Improved script based on Theo's answer. The following points need to be improved:

  1. The beginning and end of the output is somehow trimmed despite I adjusted the buffer size in the script.
  2. How to wrap each matched result into START and END string?
  3. Still I could not figure out how to use the -Wait and -Tail options

Updated Script

# Clear the screen
Clear-Host

# Adjust the buffer size of the window
$bw = 10000
$bh = 300000
if ($host.name -eq 'ConsoleHost') # or -notmatch 'ISE'
{
  [console]::bufferwidth = $bw
  [console]::bufferheight = $bh
}
else
{
    $pshost = get-host
    $pswindow = $pshost.ui.rawui
    $newsize = $pswindow.buffersize
    $newsize.height = $bh
    $newsize.width = $bw
    $pswindow.buffersize = $newsize
}


function Get-TextBetweenTwoStrings ([string]$startPattern, [string]$endPattern, [string]$filePath){
    # Get content from the input file
    $fileContent = Get-Content -Path $filePath -Raw
    # Regular expression (Regex) of the given start and end patterns
    $pattern = '(?is){0}(.*?){1}' -f [regex]::Escape($startPattern), [regex]::Escape($endPattern)
    # Perform the Regex operation and output
    [regex]::Match($fileContent,$pattern).Groups[1].Value
}

# Input file path
 $inputFile = "THE-LOG-FILE.log"

# The patterns
$startPattern = 'START-OF-PATTERN'
$endPattern = 'END-OF-PATTERN'


Get-TextBetweenTwoStrings -startPattern $startPattern -endPattern $endPattern -filePath $inputFile

CodePudding user response:

First of all, you should not use $input as self-defined variable name, because this is an Automatic variable.

Then, you are reading the file as a string array, where you would rather read is as a single, multiline string.

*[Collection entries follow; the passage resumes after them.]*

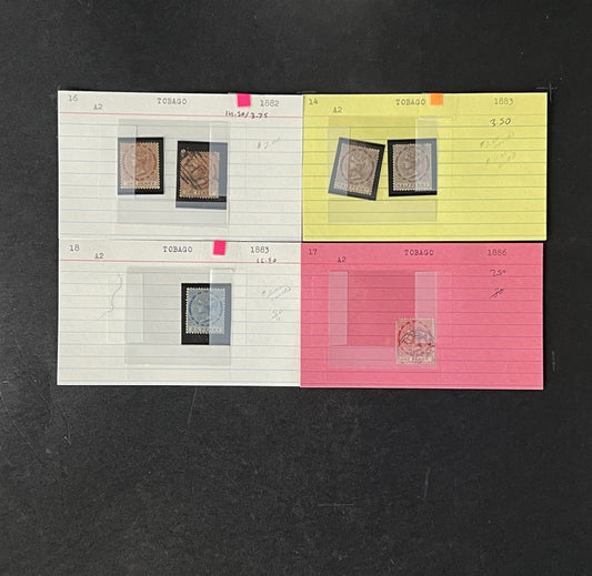 Tobago Stamp Collection on Dealer Cards $87 Catalog Value ZAYIX 0825CB14566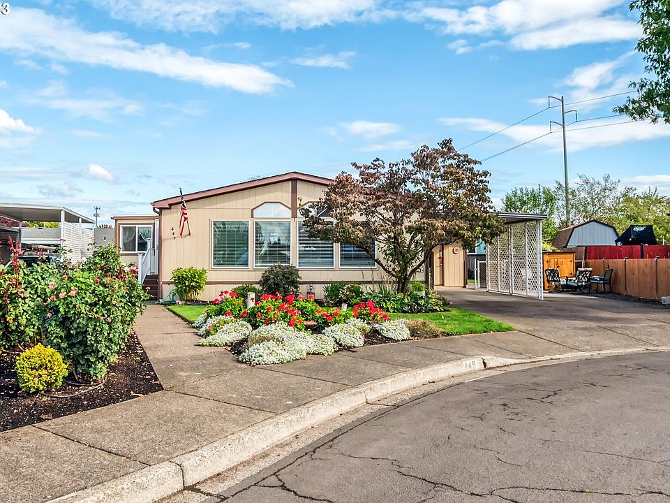 Experience the epitome of comfortable living and convenience in this meticulously maintained manufactured home nestled in the highly desirable Scotts Glen neighborhood within Lochaven mobile park. With 2 bedrooms, 2 baths, and vaulted ceilings w/ fans, this home exudes a spacious ambiance. The kitchen features stainless steel appliances, built-in microwave w/ an eat bar. Separate laundry are w/ closet. Owners bed w/ walk-in closet & bathroom. Outside, a fenced backyard offers security and peace w/ lush green grass and newly stamped backyard patio. Additionally, a covered carport and storage shed enhance practicality. This property is a true haven for those in search of a serene escape with contemporary amenities within a well-established community. Enjoy added bonuses like a fridge, washer/dryer, and TV in the living area with a reasonable offer. Plus, benefit from recently installed upgrades including a new heat pump and A/C, as well as a freshly stamped patio in the backyard. Don't miss the opportunity to make this your dream home!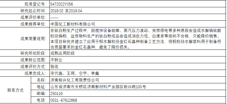 根据中国中化控股有限责任公司科技成果登记管理办法,按照科技成果管理程序,现将中国中化控股有限责任公司登记的成果予以公告。对公告上登记的科技成果内容持有异议者,可与中国中化控股有限责任公司科技成果登记中心联系。其管理有效期(自公告之日起)为期7天。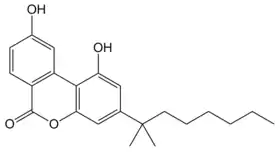 - ↑ Khanolkar AD, Lu D, Ibrahim M, Duclos RI, Thakur GA, Malan TP, et al. (December 2007). "Cannabilactones: a novel class of CB2 selective agonists with peripheral analgesic activity". Journal of Medicinal Chemistry. 50 (26): 6493–500. doi:10.1021/jm070441u. PMID 18038967.
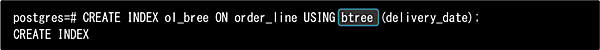 B-treeインデックスの定義方法は以下のようになります。なお、インデックスのタイプを指定しない場合はデフォルトでB-treeインデックスが作成されます。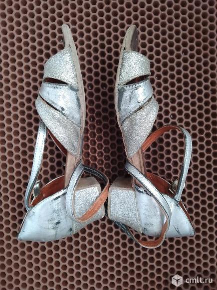 Фирменные бальные туфли серебристого цвета

For that append switch -Raw to the Get-Content call.

The regex you are creating does not allow fgor regex special characters in the start- and end patterns you give, so it I would suggest using [regex]::Escape() on these patterns when creating the regex string.

While your regex does use a group capturing sequence inside the brackets, you are not using that when it comes to getting the value you seek.

Finally, I would recommend using PowerShell naming convention (Verb-Noun) for the function name

Try

function Get-TextBetweenTwoStrings ([string]$startPattern, [string]$endPattern, [string]$filePath){
    # Get content from the input file
    $fileContent = Get-Content -Path $filePath -Raw
    # Regular expression (Regex) of the given start and end patterns
    $pattern = '(?is){0}(.*?){1}' -f [regex]::Escape($startPattern), [regex]::Escape($endPattern)
    # Perform the Regex operation and output
    [regex]::Match($fileContent,$pattern).Groups[1].Value
}

$inputFile    = "D:\Test\THE-LOG-FILE.log"
$startPattern = 'START-OF-PATTERN'
$endPattern   = 'END-OF-PATTERN'

Get-TextBetweenTwoStrings -startPattern $startPattern -endPattern $endPattern -filePath $inputFile

Would result in something like:

blahblah
more lines here

The (?is) makes the regex case-insensitive and have the dot match linebreaks as well

CodePudding user response:

  • You need to perform streaming processing of your Get-Content call, in a pipeline, such as with ForEach-Object, if you want to process lines as they're being read.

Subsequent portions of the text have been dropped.